Would you please add this thread - http://forum.xda-developers.com/windows-10/windows-10-mobile/how-to-root-project-astoria-t3187396??
Thanks


----------



## AshleyT (Dec 14, 2015)

NZT-48 said:


> Would you please add this thread - http://forum.xda-developers.com/windows-10/windows-10-mobile/how-to-root-project-astoria-t3187396??
> Thanks

Click to collapse



Done! Thank you .


----------



## raghulive (Feb 21, 2016)

Would you please add this thread :-  http://forum.xda-developers.com/win...windows-mobile-10-redstone-rs1-build-t3319375


----------



## reksden (Feb 21, 2016)

raghulive said:


> Would you please add this thread :-  http://forum.xda-developers.com/win...windows-mobile-10-redstone-rs1-build-t3319375

Click to collapse



http://forum.xda-developers.com/showpost.php?p=65415872&postcount=24
it is better to add than your copy.
wait fast insider new 14267, now update is work bad and bug.
лагает так, что телефон хочется выкинут в мусорку.


----------



## raghulive (Feb 22, 2016)

reksden said:


> http://forum.xda-developers.com/showpost.php?p=65415872&postcount=24
> it is better to add than your copy.
> wait fast insider new 14267, now update is work bad and bug.
> лагает так, что телефон хочется выкинут в мусорку.

Click to collapse



are you crazy,what the need of  copy, its not one thought /innovation to get this hack ,while 950 xl got .29 update (dec 2015),MICROSOFTMDG  updates  on discussions,when this build released for only 950/xl,
is it a big thing to change registry values to get update,its just a commonsense ,not one copy other


----------



## AshleyT (Feb 22, 2016)

raghulive said:


> Would you please add this thread :-  http://forum.xda-developers.com/win...windows-mobile-10-redstone-rs1-build-t3319375

Click to collapse



Done! 
Thanks for your guide! :highfive:


----------



## Stealing_heart (Dec 11, 2016)

please add this also http://forum.xda-developers.com/windows-10-mobile/installing-windows-10-mobile-tech-t3431454/


----------



## CONTROLLER2 (Apr 24, 2017)

*interop*

Hello guys.
I have Lumia 640 LTE RM_1072 AT&T
I download interop Tools(preview) and I trying interop unlock but I have problem ndtk.
Please help
Sorry if I post in another topic


----------



## dxdy (Apr 24, 2017)

dont use Preview version, use regular ARM version 

you need Interop Tools from here https://forum.xda-developers.com/showpost.php?p=71000190&postcount=607
enable Developer settings on phone 
install certificate, install ARM deppendencies, install Interop Tools ARM version
start Interop Tools, select Interop Unlock
select Restore NDTKSvc.
wait 15 seconds. turn off phone
turn on phone
start Interop Tools, select Interop Unlock
enable Interop/Cap Unlock and New Unlock Cap Engine unlock


----------



## ^pomen_GTR^ (May 4, 2018)

hi newbie in here...


i've just updated my old lumia1020 to the latest w10m version 10.0.15254.369

i was hoping that in this version that the static ip option was enabled by default... 

i was wrong... 

need static ip option badly since my home and office wifi need to manually configure the ip/dns setting before i can use the network...

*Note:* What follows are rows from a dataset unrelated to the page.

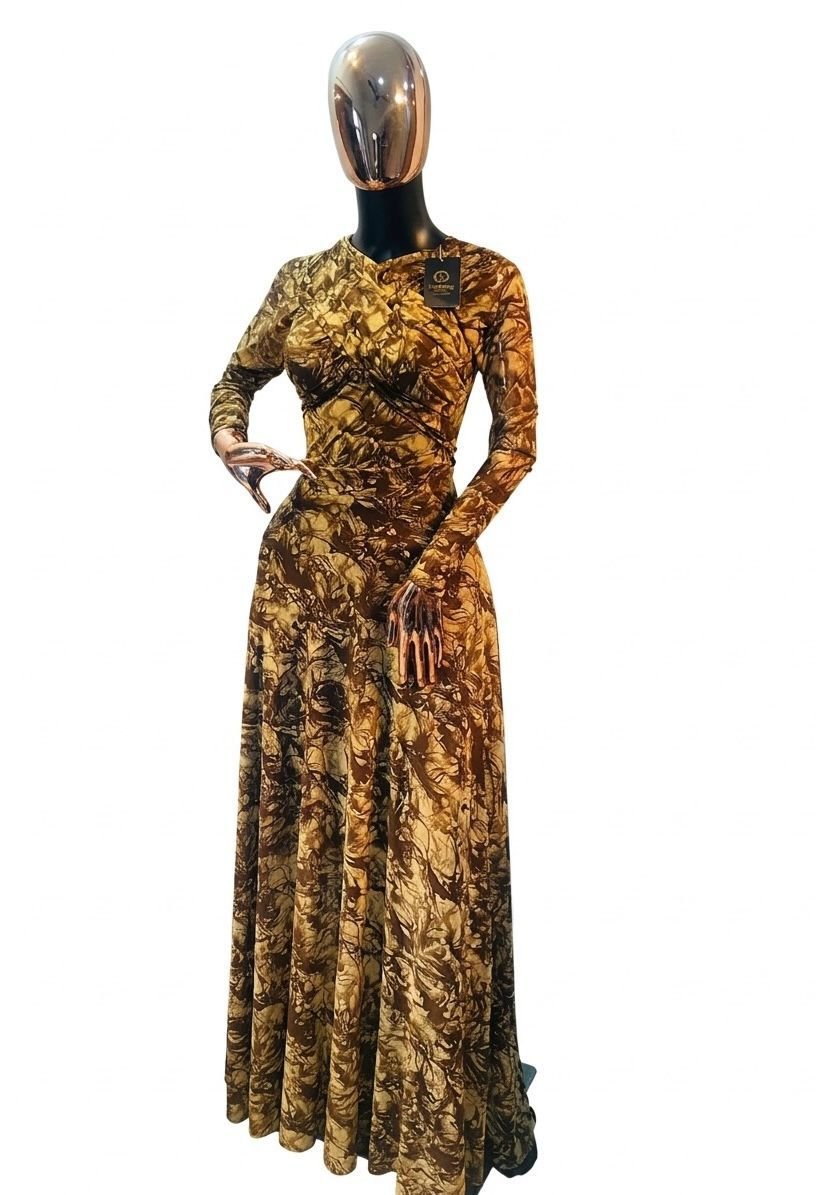 Elegant long-sleeve maxi 2 piece featuring a rich gold and brown abstract print, designed with a flattering fitted bodice and flowing skirt for a graceful, statement look
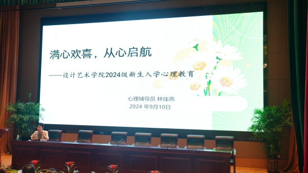 学工办辅导员林佳燕为新生开展“满心欢喜,从心启航”入学心理教育讲座,她通过案例分析新生常见的适应困难,就如何更快更好适应大学生活分享了几个实用的心理调适方法,并引导同学们正确看待“心理感冒”,学会主动求助。与此同时,林佳燕就引导新生明确大学定位、精准职业规划开展生涯教育,她介绍了设计学院学子近三年的就业趋势,对高质量就业校友的典型案例进行解读分析,鼓励新生提早做好学业规划,把握生命的宽度,不断拓宽知识领域和技能边界,勇敢追求自己的梦想。
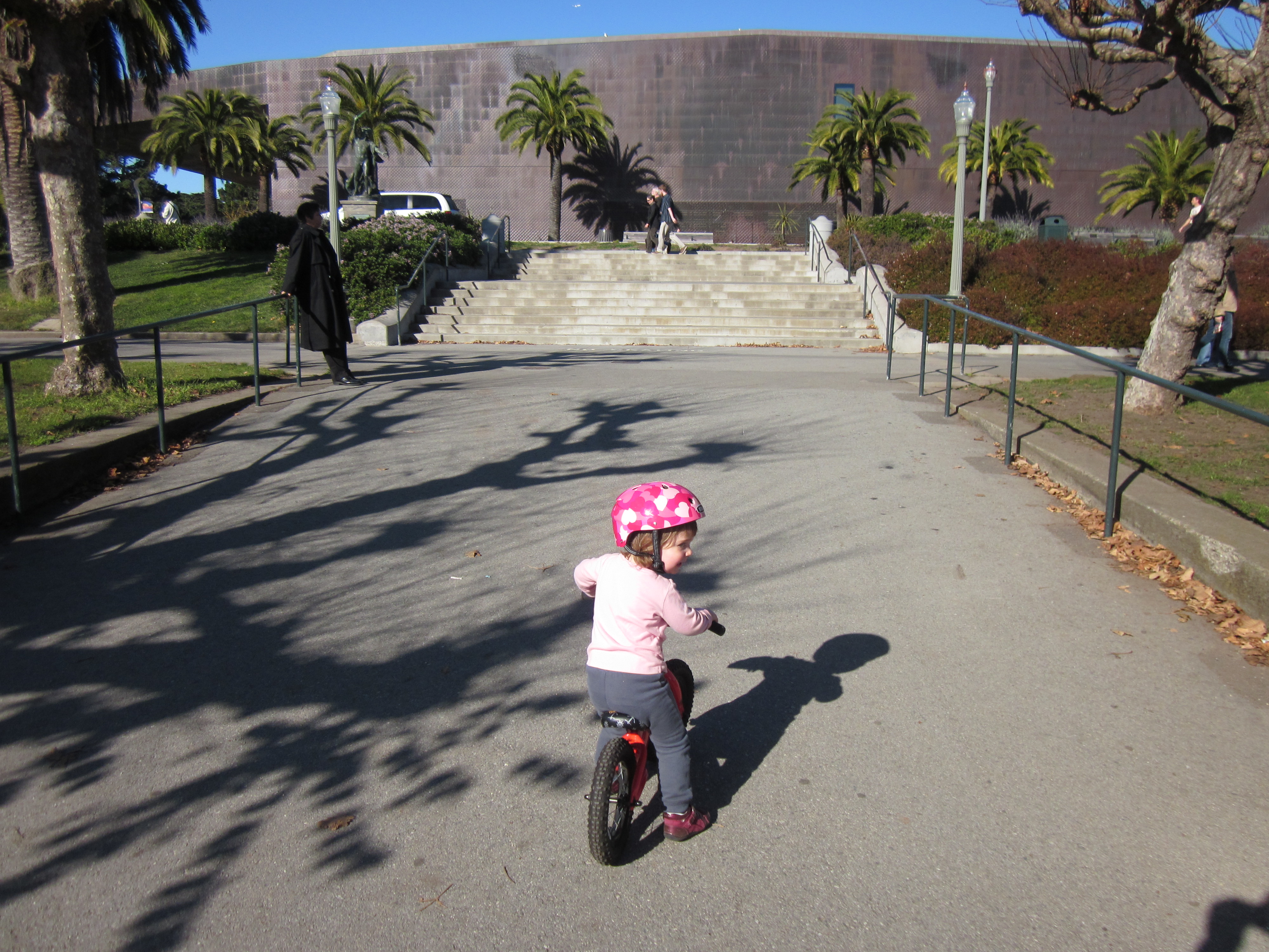 Unlike them, she had a few months of riding under her belt, and thus led their spontaneous little balance bike gang around the Music Concourse. Honk, honk!
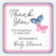 Un sticker à thème baby shower à thème papillon mignon avec un papillon rose et bleu qui est parfait pour un baby shower en l'honneur des jumeaux...un garçon et une fille. Le design offre de l'espace pour un court message de remerciement.
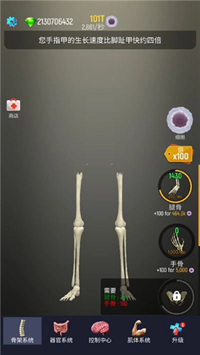 2、从最先的骨架开始解锁,可以先购买100T的细胞开始养成,
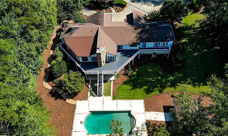 Nestled on a breathtaking 7.5-acre lot, this 7,500-square-foot residence offers a privet and spacious lifestyle. With 7 bedrooms and 7.5 bathrooms, there's room for everyone in this open and inviting floor plan. The master suite is a true retreat with its beautifully renovated bathroom, his and hers walk-in closets, and a sun-drenched sitting area surrounded by windows. Throughout the first floor, gleaming hardwood floors exude elegance, while the basement houses a sauna, shower, and wine cellar adjacent to the bar area, providing the ultimate entertainment space. For guests or extended family, a separate guest house above the three-car garage offers all the comforts of home. Tennis courts and the property's private lake with a dock and a splendid swimming pool make outdoor recreation a breeze. Plus, don't forget the extended wrap-around deck, perfect for enjoying the outdoors and taking in the stunning views. With no subdivision restrictions, this property offers unmatched privacy and serenity. Moreover, the location offers the best of both worlds, being close to the high-end area of Milton while enjoying the lower taxes of Cherokee County. This property is not part of any subdivision, ensuring privacy and serenity in a lush, tree-filled landscape. In essence, this property presents a grand opportunity for a life of luxury, nature, and tranquility. Sellers are open to any and all offers and are ready to negotiate!
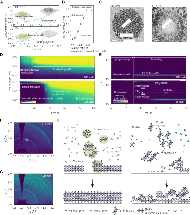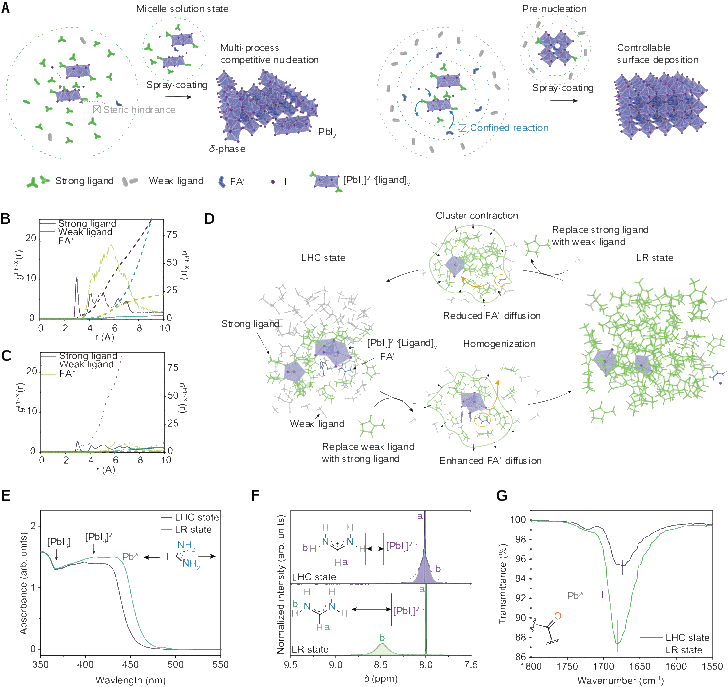 相比之下,喷涂法(spray coating)因其快速、可规模化以及对复杂三维结构表面沉积高度兼容的优势,在建筑一体化光伏、交通工具表面以及多层结构器件的制备中极具潜力。然而,喷涂过程中钙钛矿前驱体液滴复杂的结晶动力学带来的高缺陷态密度,限制了其制备高光电性能器件。传统溶剂挥发过程缓慢、前驱体中各组分析出驱动力不一致以及层层沉积引发表层反复腐蚀,导致喷涂制备的钙钛矿薄膜往往存在相杂质多、晶粒取向无序和缺陷密度高等问题,其器件性能长期显著落后于旋涂等工艺。
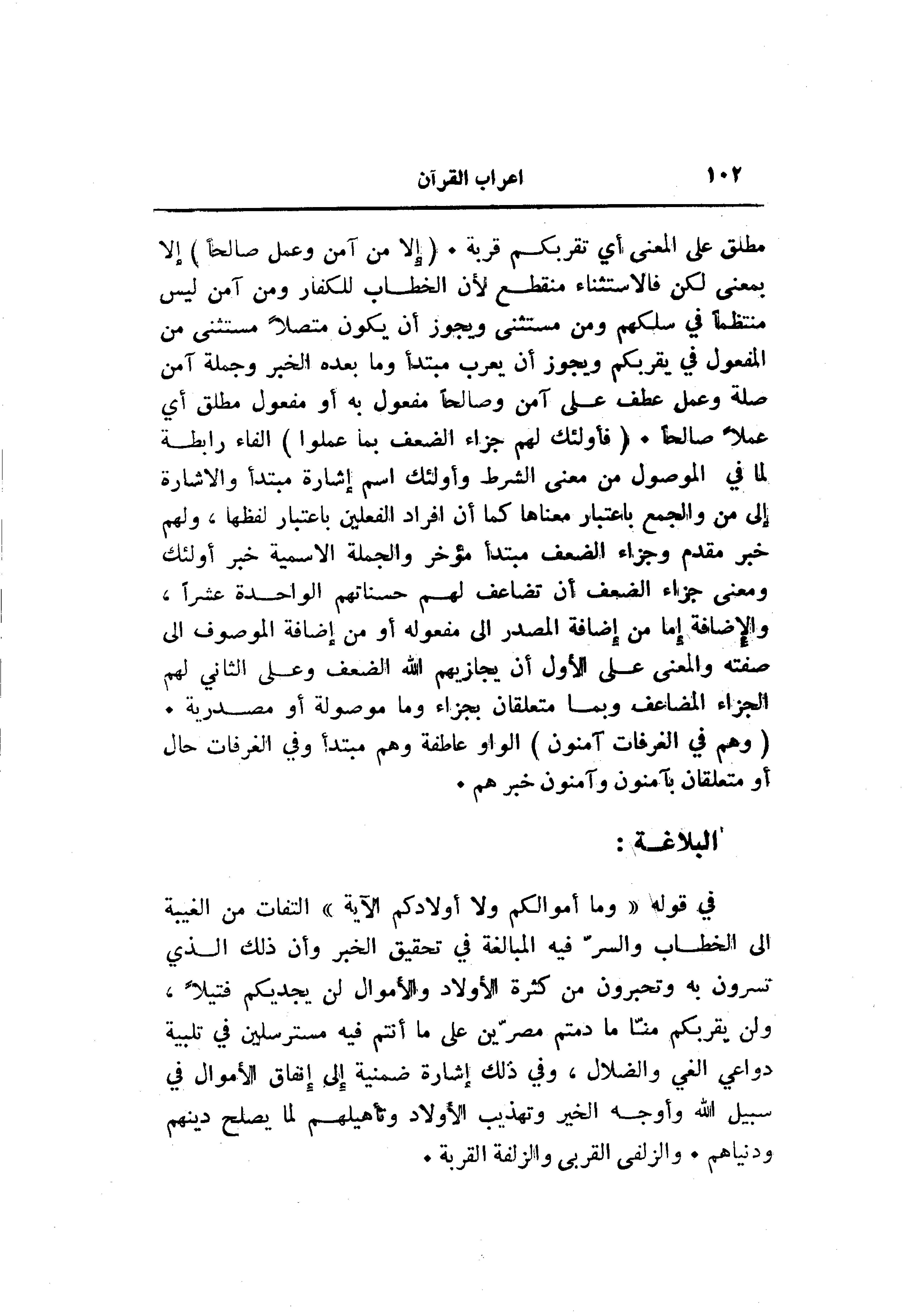 في قوله «وما أموالكم ولا أولادكم الآية» التفات من الغيبة الى الخطاب والسرّ فيه المبالغة في تحقيق الخبر وأن ذلك الذي تسرون به وتحبرون من كثرة الأولاد والأموال لن يجديكم فتيلا، ولن يقربكم منّا ما دمتم مصرّين على ما أنتم فيه مسترسلين في تلبية دواعي الغي والضلال، وفي ذلك إشارة ضمنية إلى إنفاق الأموال في سبيل الله وأوجه الخير وتهذيب الأولاد وتأهيلهم لما يصلح دينهم ودنياهم. والزلفى القربى والزلفة القربة.
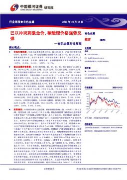 [金属]2023-10-16-中国银河-有色金属行业周报:巴以冲突刺激金价,碳酸锂价格强势反弹-19页(银创产业通www.chanyetong.net)
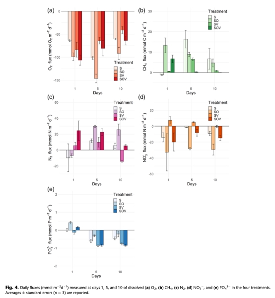 ? 數(shù)據(jù):所有處理凈耗氧(-41至-146 mmol O2 m?2 d?1),蠕蟲處理(SO/SOV)耗氧量高于植被處理(SV)。

is there any way to configure static ip without interop unlock   

or is it safe to use wp internal to unlock root with my current w10m build on nokia lumia 1020?? i update them using iutool method


----------



## naryhd (Mar 27, 2019)

hi
can anyone help me? i want to underclock my old lumia 950, after a year i think i picked it up from my drawer , and start to update it , and downloading some apps, it gets too damn hot, it was nearly burning ? did factory reset but nothing changes, installed its rom with pc , again nothing changed, so i want to underclock its processor , so it will be cool in every situation , i think ?


----------



## pidjones (May 6, 2019)

naryhd said:


> hi
> 
> can anyone help me? i want to underclock my old lumia 950, after a year i think i picked it up from my drawer , and start to update it , and downloading some apps, it gets too damn hot, it was nearly burning [emoji23] did factory reset but nothing changes, installed its rom with pc , again nothing changed, so i want to underclock its processor , so it will be cool in every situation , i think [emoji16]

Click to collapse



Could be the old battery overheating.


----------



## naryhd (May 10, 2019)

pidjones said:


> Could be the old battery overheating.

Click to collapse



nope its not battery , i changed it and the heat is beginning from cpu chipset (its near the power button)


----------



## mrjdev (May 4, 2022)

Do you have a simple tutorial with deleting and replacing tones in alarms? because I am just only using two different alarms.

I know this is really too late to ask nowadays... Thank you!


----------